The task:
Retype the records below exactly as they appear, but leave out any pictures.

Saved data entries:
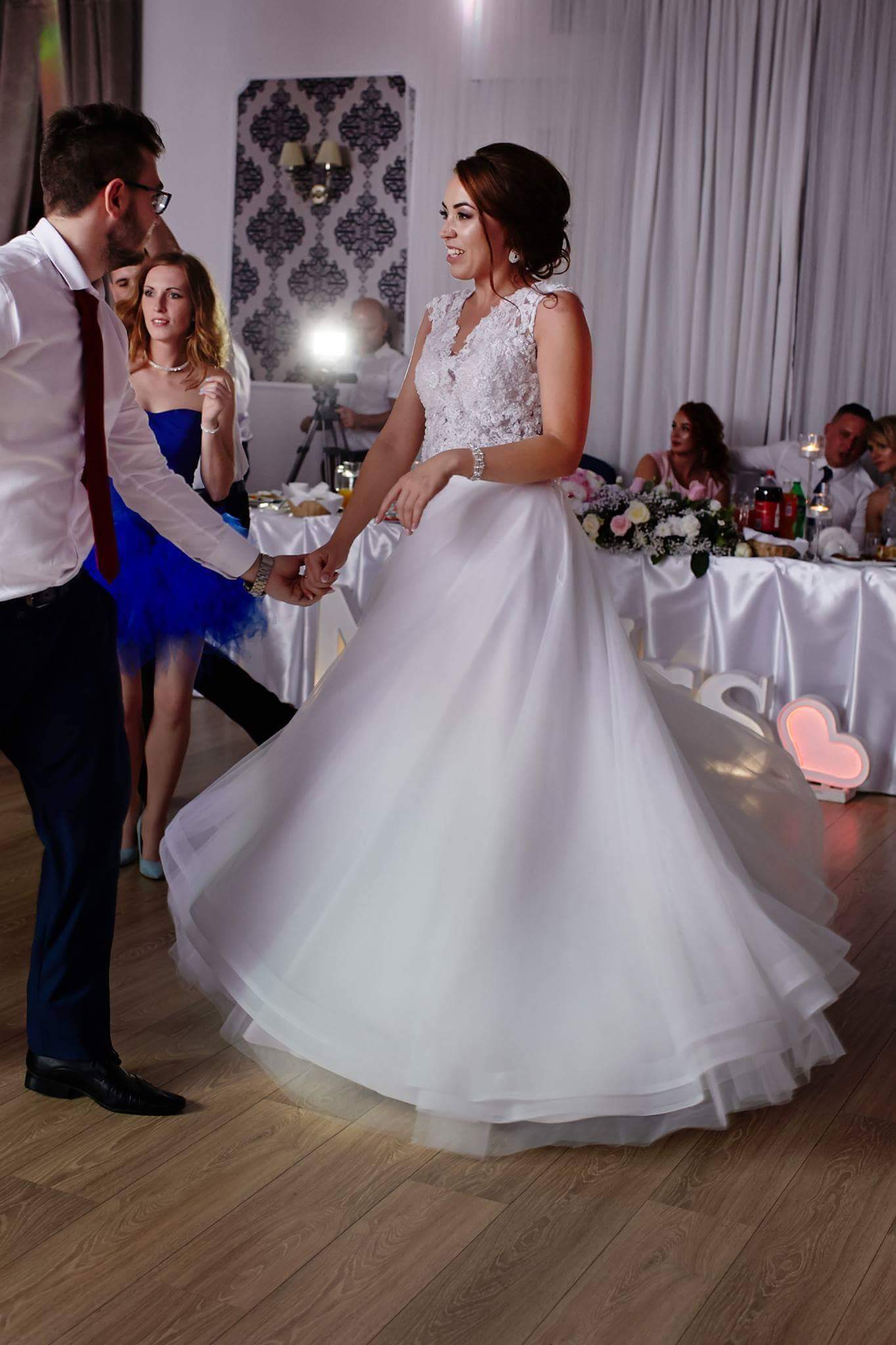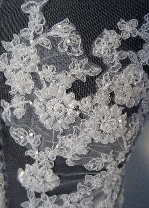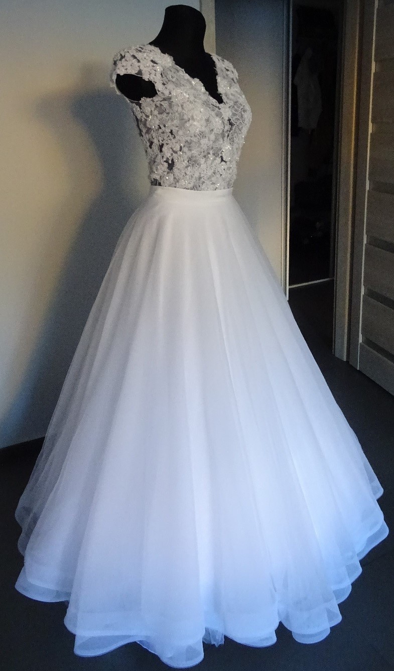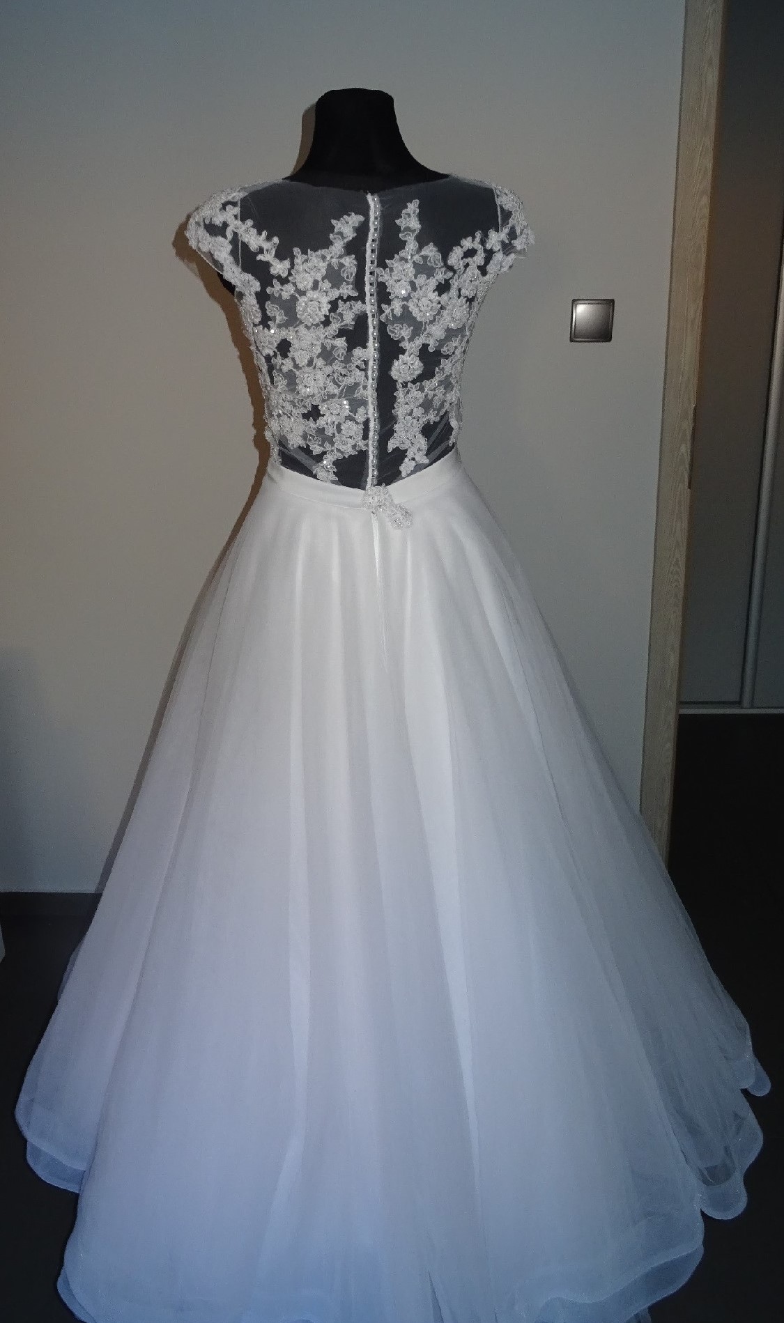 Mam do zaoferowania suknię ślubną. Suknia została zakupiona w tym roku w salonie sukni ślubnych w Szczecinie. Suknia była założona dwa razy - w dzień ślubu oraz na sesję zdjęciową. Suknia została wyczyszczona w profesjonalnej pralni chemicznej. Suknia składa się z koronkowego body i spódnicy z bawełnianego tiulu. Suknia jest niesamowicie lekka i wygodna. Body pokryte jest trzema warstwami ręcznie naszywanej koronki, ozdobione delikatnie połyskującymi kamyczkami. Spódnica wykonana z bardzo dobrej jakości materiału, co powoduje, że przepięknie układa się w tańcu.
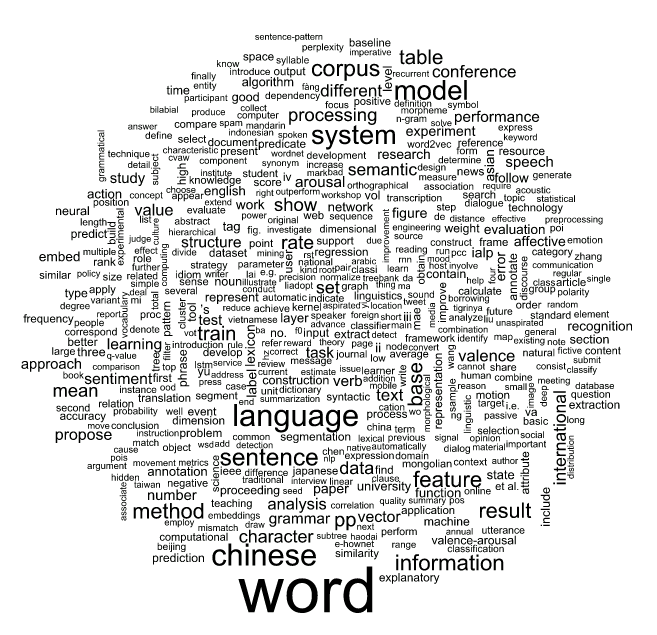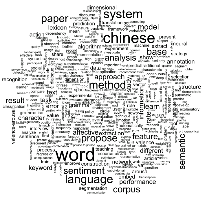 From figure-1, it is easy to see that the top 10 words were: word, language, chinese, model, system, sentence, corpus, information, feature and method. IALP is an international conference, and does not focus on Chinese only. However there was a shared task at this year’s conference, and its purpose is to predict traditional Chinese affective words’ valance and arousal ratings. Moreover, each team who had attended the shared task was requested to submit a paper to introduce their work, so “Chinese” contributed more than other languages in the word cloud.
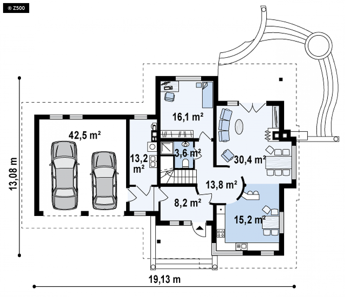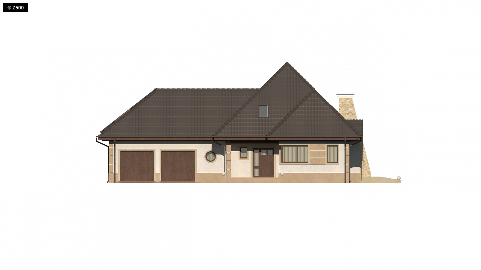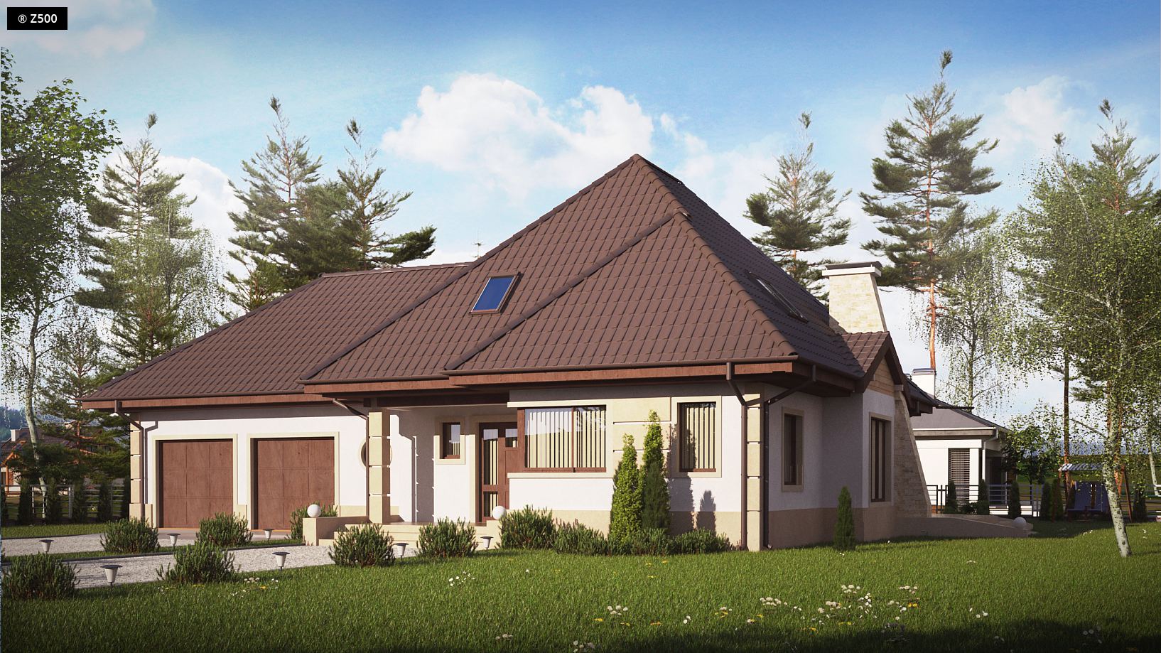 Wariant z garażem dwustanowiskowym po prawej stronie i pomieszczeniem rekreacyjnym na poddaszu.
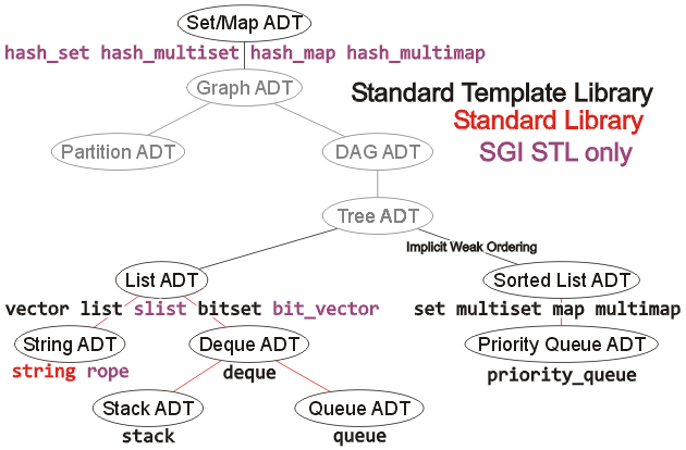 Figure 3. Implementations of the various ADTs in the C++ STL.
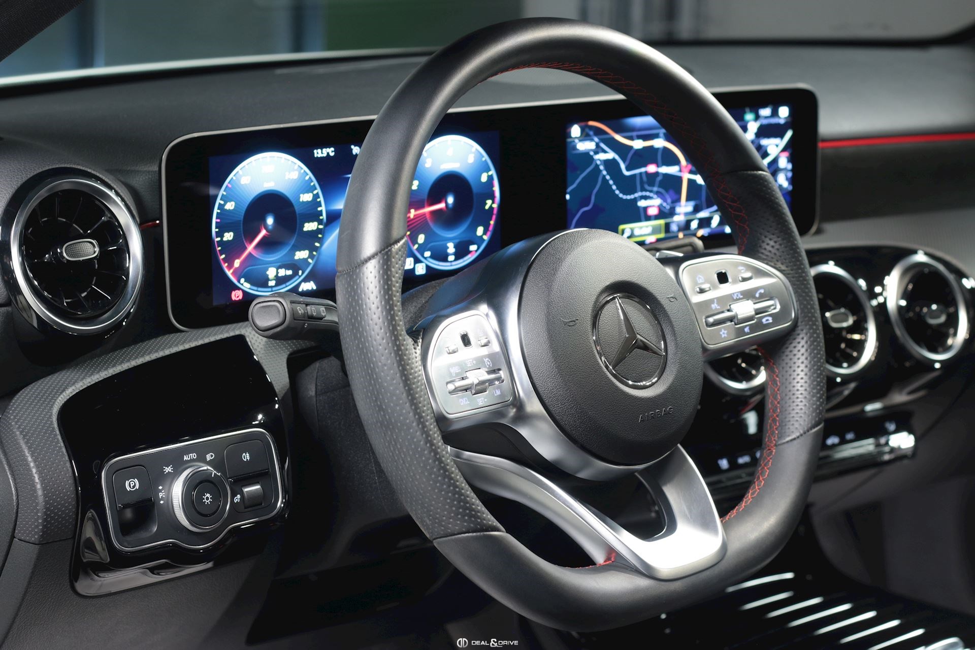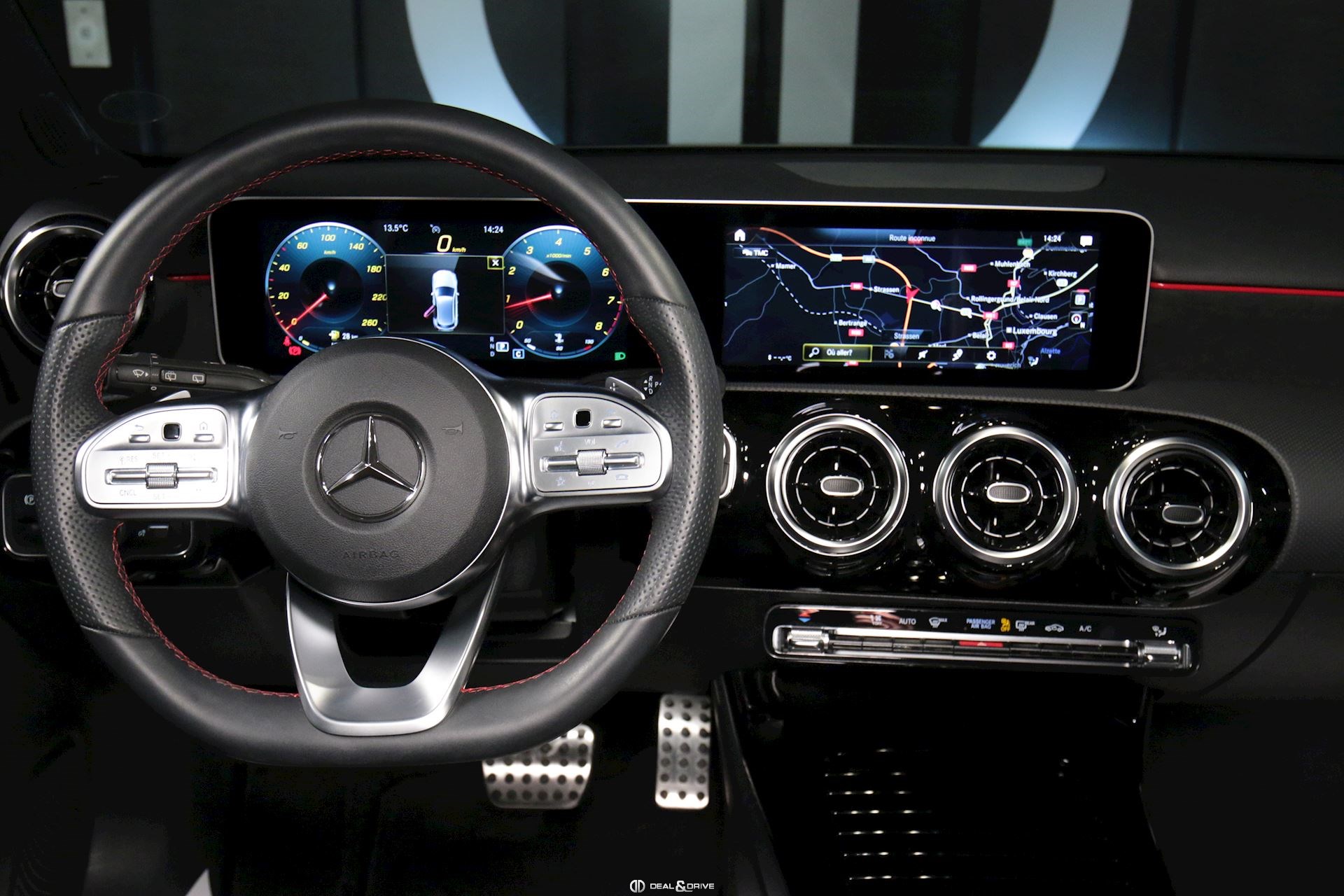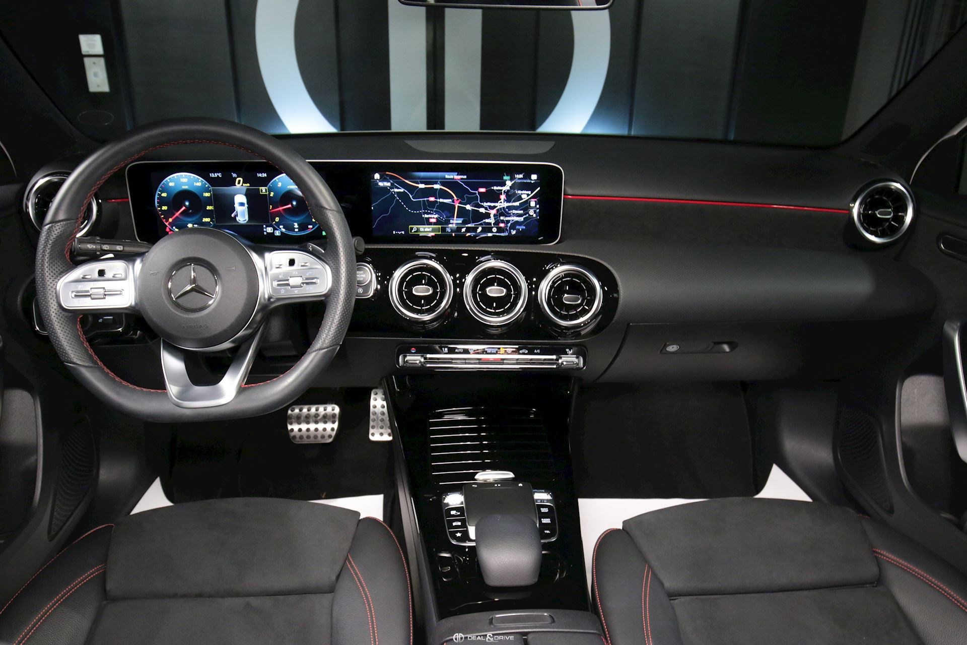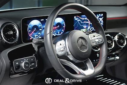 INTÉRIEUR Pack intérieur AMG-Line Appuie-lombaires avant électriques Console centrale avant avec rideau Dossier arrière rabattable en deux parties Sièges avant chauffants Tapis de sol AMG Plafonnier noir Sellerie en simili-cuir Artico / Dinamica Sièges avant Sport Support à boissons avant double Volant en cuir Nappa Touchpad sur la console centrale Pack siège confort Intérieur finition Aluminium poli Navigation MBUX Augmented Reality pour Navigation
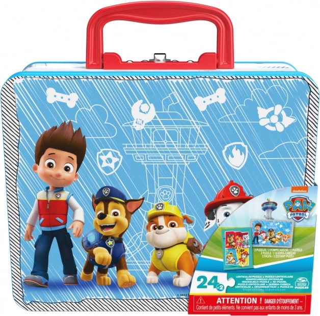 Faites plaisir aux enfants avec un double pack de puzzles à l’effigie de la PAT' PATROUILLE dans une robuste boîte métallique. Deux puzzles de 24 pièces offrent un superbe effet 3D, un assemblage facile pour les petites mains et des personnages favoris comme Chase, Skye, Marshall, Rubble, Everest et Ryder.
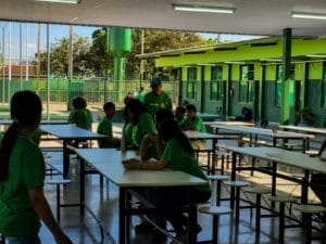 “Cheguei aqui em julho de 2020 em plena pandemia, tivemos muitos momentos de desafios, além da covid, o Novo Ensino Médio e junto a reforma. Na primeira parte ficamos dentro da unidade por opção da comunidade escolar, posteriormente saímos para um local adaptado, agora com retorno o impacto é positivo. O ambiente é adequado, arejado, limpo”, afirmou a coordenadora – e professora de química há 23 anos –, Janice Andréia Brito Araújo.

Task answer:
 Mam do zaoferowania suknię ślubną. Suknia została zakupiona w tym roku w salonie sukni ślubnych w Szczecinie. Suknia była założona dwa razy - w dzień ślubu oraz na sesję zdjęciową. Suknia została wyczyszczona w profesjonalnej pralni chemicznej. Suknia składa się z koronkowego body i spódnicy z bawełnianego tiulu. Suknia jest niesamowicie lekka i wygodna. Body pokryte jest trzema warstwami ręcznie naszywanej koronki, ozdobione delikatnie połyskującymi kamyczkami. Spódnica wykonana z bardzo dobrej jakości materiału, co powoduje, że przepięknie układa się w tańcu.
 From figure-1, it is easy to see that the top 10 words were: word, language, chinese, model, system, sentence, corpus, information, feature and method. IALP is an international conference, and does not focus on Chinese only. However there was a shared task at this year’s conference, and its purpose is to predict traditional Chinese affective words’ valance and arousal ratings. Moreover, each team who had attended the shared task was requested to submit a paper to introduce their work, so “Chinese” contributed more than other languages in the word cloud.
 Wariant z garażem dwustanowiskowym po prawej stronie i pomieszczeniem rekreacyjnym na poddaszu.
 Figure 3. Implementations of the various ADTs in the C++ STL.
 INTÉRIEUR Pack intérieur AMG-Line Appuie-lombaires avant électriques Console centrale avant avec rideau Dossier arrière rabattable en deux parties Sièges avant chauffants Tapis de sol AMG Plafonnier noir Sellerie en simili-cuir Artico / Dinamica Sièges avant Sport Support à boissons avant double Volant en cuir Nappa Touchpad sur la console centrale Pack siège confort Intérieur finition Aluminium poli Navigation MBUX Augmented Reality pour Navigation
 Faites plaisir aux enfants avec un double pack de puzzles à l’effigie de la PAT' PATROUILLE dans une robuste boîte métallique. Deux puzzles de 24 pièces offrent un superbe effet 3D, un assemblage facile pour les petites mains et des personnages favoris comme Chase, Skye, Marshall, Rubble, Everest et Ryder.
 “Cheguei aqui em julho de 2020 em plena pandemia, tivemos muitos momentos de desafios, além da covid, o Novo Ensino Médio e junto a reforma. Na primeira parte ficamos dentro da unidade por opção da comunidade escolar, posteriormente saímos para um local adaptado, agora com retorno o impacto é positivo. O ambiente é adequado, arejado, limpo”, afirmou a coordenadora – e professora de química há 23 anos –, Janice Andréia Brito Araújo.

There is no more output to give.